Surprisingly showed that special coating compositions consisting of a metal oxide and metal pigment, in particular zinc pigment or zinc pigment and aluminum pigment, already in layer thicknesses steel in the lower μm range not only in direct contact with the metallic steel surface, but also at the Application to when annealing from the anti-scaling coating Effectively protect the resulting reaction layer against corrosion. This is a very resistant edge protection of the component reached and the corrosion protection layer can also be easily painted, phosphated or dip-coated, in particular in the KTL process.

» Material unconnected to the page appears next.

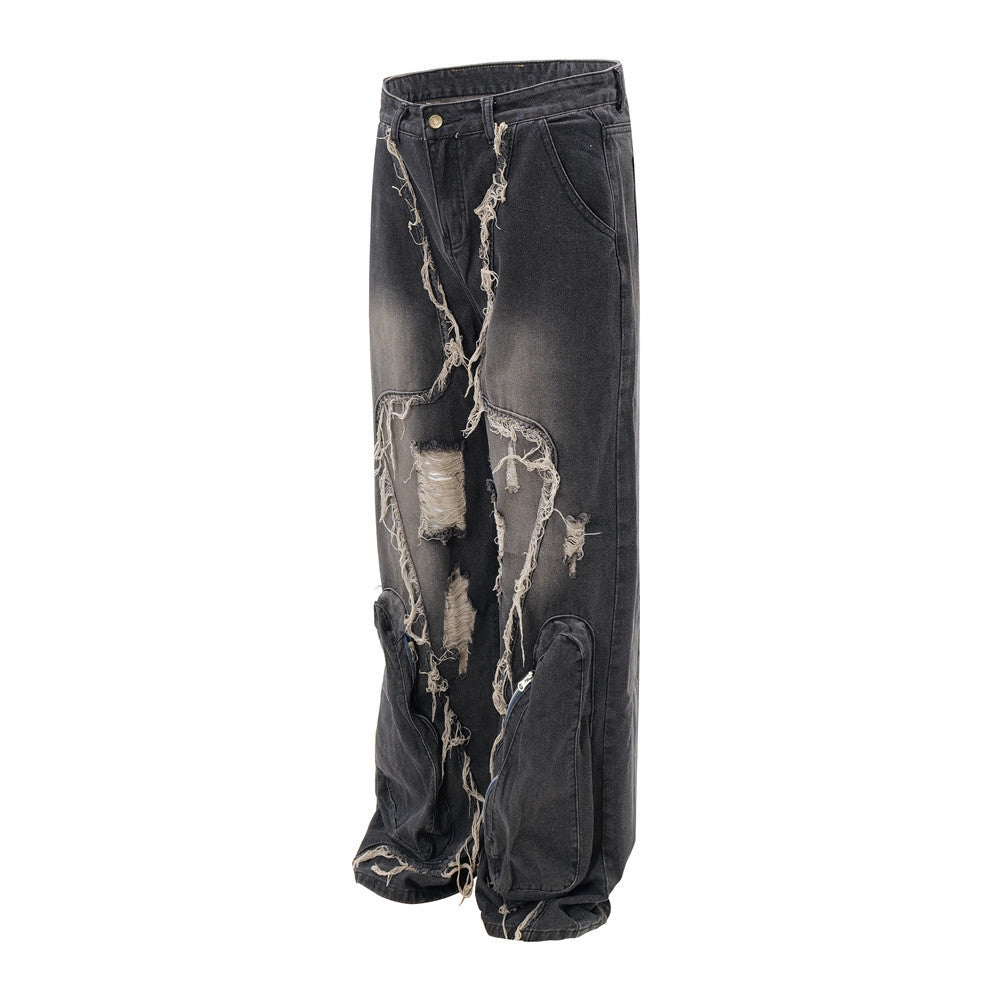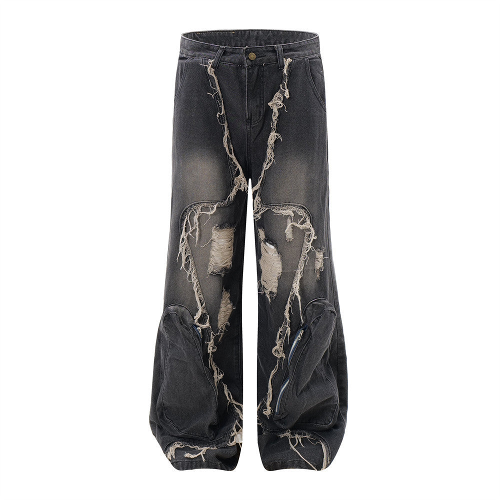 Ripped Wide-legged Denim Jeans

A Formation of the invention is that the annealing at a temperature above 850 ° C takes place.

The Annealing of the hardenable steels takes place in accordance with the invention Gas- or electrically operated annealing furnace, conductive or inductive.

A advantageous embodiment of the invention is that the Oxygen content in the atmosphere of the annealing furnace 0-10%.

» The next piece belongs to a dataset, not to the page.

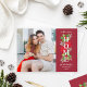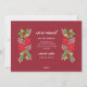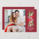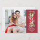 Cette carte de Noël moderne à la typographie florale pour les nouveaux propriétaires sert de carte de faire-part mobile! Annoncez votre nouvelle adresse à votre famille et à vos amis au début de la saison des cartes de vacances. L'élégante carte comporte une photo adjacente à une aquarelle fleurie et verdoyante d'hiver avec une simple et moderne présentation de texte "Home". Comprend des feuilles saints et des baies, des fleurs de poinsettia et des branches feuillues. Le libellé personnalisé inclut "nous avons une nouvelle maison pour les vacances" ainsi que le texte à l'avant et à l'arrière qui peut être personnalisé. Arrière - plan rouge riche aux couleurs rouge, vert, gris et blanc.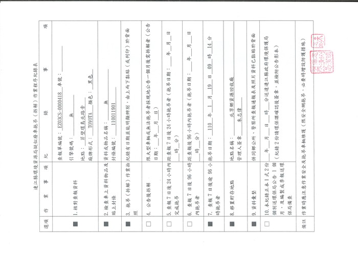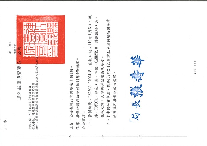 二.本車輛如有車主,請於109年2月20日前至本局辦理領回手續,逾期視同廢棄物回收處理。

in the The scope of the invention is also that the Verzunderungsschutzschicht from an aluminum alloy, an aluminum-pigmented coating or a zinc or zinc pigment-containing coating.

Also belonging to the invention, that the anti-scaling protective layer after the forming process an electrical resistance of not more than 10 mOhm, preferably of not more than 5 mOhm.

Likewise, it makes sense that the finished component has an electrical resistance of not more than 10 mOhm, preferably of a maximum of 5 mOhm has.

The Both measures above ensure that a Resistance spot welding is possible.

Farther it is expedient that the corrosion protection layer Wet chemical from the liquid phase, in particular in the spray, flood, roller or dipping method, on the annealed Reaction layer is applied.

in this connection is inventively provided that the Layer thickness of the anticorrosive layer less than 50 μm, preferably less than 20 microns and more preferably less than 10 microns.

It is within the scope of the invention that the corrosion protection layer diluted with solvents before application becomes.

at an embodiment of the invention it is provided that the Corrosion protection layer after application at a temperature between room temperature and 400 ° C, preferably between room temperature and 250 ° C, dried.

in the The invention provides that the corrosion protection layer containing a binder and metallic pigment.

In In this context, it has proved to be advantageous that the Corrosion protection layer between 10 and 100 wt .-%, preferably between 50 and 100% by weight and more preferably between 70 and 95% by weight contains metallic zinc pigment.

Farther is appropriate in this context that the Corrosion protection layer up to 30 wt .-% metallic aluminum pigment contains.

A preferred embodiment of the invention is that the Binder used in the anticorrosive layer is 5 to 100 % By weight of metal oxides, in particular titanium, aluminum or zirconium oxides, contains.

to Invention is also part of that in the corrosion protection layer used binders up to 50 wt .-% produced via the sol-gel process Contains binders, silicones, siloxanes or waxes.

Also is provided in the invention that the corrosion protection layer Solid lubricants, in particular graphite or boron nitride, contains.

The Invention is the steel element as a sheet metal, coil, component or other shaped body is present.

A particular embodiment of the invention is the coated substrate is a steel element undergoing a curing process was subjected.

As well is part of the invention that the steel element was molded in a hydroforming process.

Farther a particular embodiment is that the coated substrate is a steel element, which with a for the process of hardening ordinary scale protection layer is provided, which remains on the component.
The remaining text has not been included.